我想将数据从Android设备发送到PHP。我试过,但我错了,我不知道。我该如何纠正?
这是我所做的Android代码。
public class php_connect extends Activity {
InputStream is;
@Override
public void onCreate(Bundle savedInstanceState) {
super.onCreate(savedInstanceState);
setContentView(R.layout.main1);
JSONObject json = new JSONObject();
try {
HttpClient httpclient = new DefaultHttpClient();
HttpPost httppost = new HttpPost("http://10.0.2.2/food/food.php");
json.put("id",1);
json.put("name","john");
Log.i("jason Object", json.toString());
httppost.setHeader("json", json.toString());
StringEntity se = new StringEntity(json.toString());
se.setContentEncoding("UTF-8");
se.setContentType("application/json");
httppost.setEntity(se);
HttpResponse response = httpclient.execute(httppost);
int statusCode = response.getStatusLine().getStatusCode();
Toast.makeText(getApplicationContext(),String.valueOf(statusCode), Toast.LENGTH_SHORT).show();
is = se.getContent();
Log.e("log_tag", "connection success ");
Toast.makeText(getApplicationContext(), "Successfully Connected", Toast.LENGTH_SHORT).show();
}
catch(Exception e){
Log.e("log_tag", "Error in http connection "+e.toString());
Toast.makeText(getApplicationContext(), "Fail to Connect", Toast.LENGTH_SHORT).show();
}
}
}
我得到响应为200并成功连接但无法在PHP中查看数据。
我的PHP代码是:
<?php
$data = file_get_contents('php://input');
$json = json_decode($data,true);
var_dump($json);
$id=$json['id'];
echo $id;
?>
我总是得到空结果。
答案 0 :(得分:1)
来自PHP manual:
在POST请求的情况下,它更喜欢$ HTTP_RAW_POST_DATA,因为它不依赖于特殊的php.ini指令。此外,对于默认情况下未填充$ HTTP_RAW_POST_DATA的情况,它可能是激活always_populate_raw_post_data的内存密集型替代方案。 php://输入不适用于enctype =“multipart / form-data”

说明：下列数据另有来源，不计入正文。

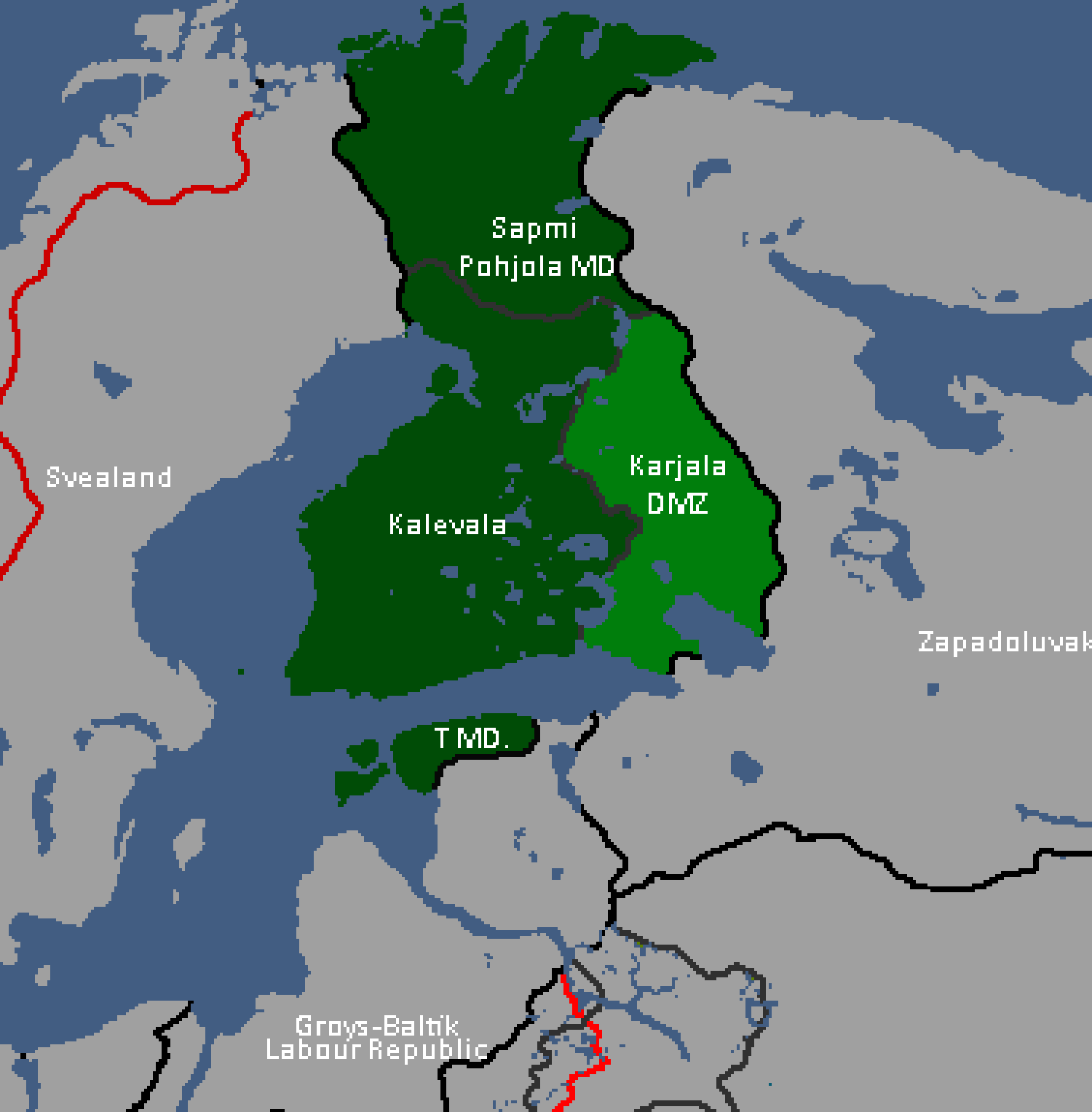 Within weeks, most of Kalevala fell under the rule of the MLL, prompting militias within the Karelian DMZ to rise up and proclaim the independence of the 'Karelian National Government', while in the north the Suomi-Pohjola Military District split in two as the 'Sapmi Regional Assembly' revolted. Rather easily, the MLL managed to overwhelm the Kalevian government enough to capture Helsinki, forcing the former government to flee to Tanume as the 'military districts' collapsed and largely fell under the rule of the newly proclaimed 'Kalevian Empire', which began to wage war against the separatists. Now mainly limited to solely Tanume, the Republic of Kalevala began to fall into disarray as the 'Tanumian Independence Board' rose up to expel the Republic's remains, leading to a largescale insurgency war in the region.

我认为将JSON编码为表单参数会更容易,并使用普通的PHP $ _POST函数来读取它:
List parameters = new ArrayList();
parameters.add(new BasicNameValuePair("jsonParam", json.toString())
UrlEncodedFormEntity formEntity = new UrlEncodedFormEntity(parameters)
httppost.setContentType("multipart/form-data");
httppost.setEntity(formEntity);
在PHP方面你可以做到
Got <?php echo $_POST["jsonParam"]; ?>!<br />
注意:我没有测试过上面的代码。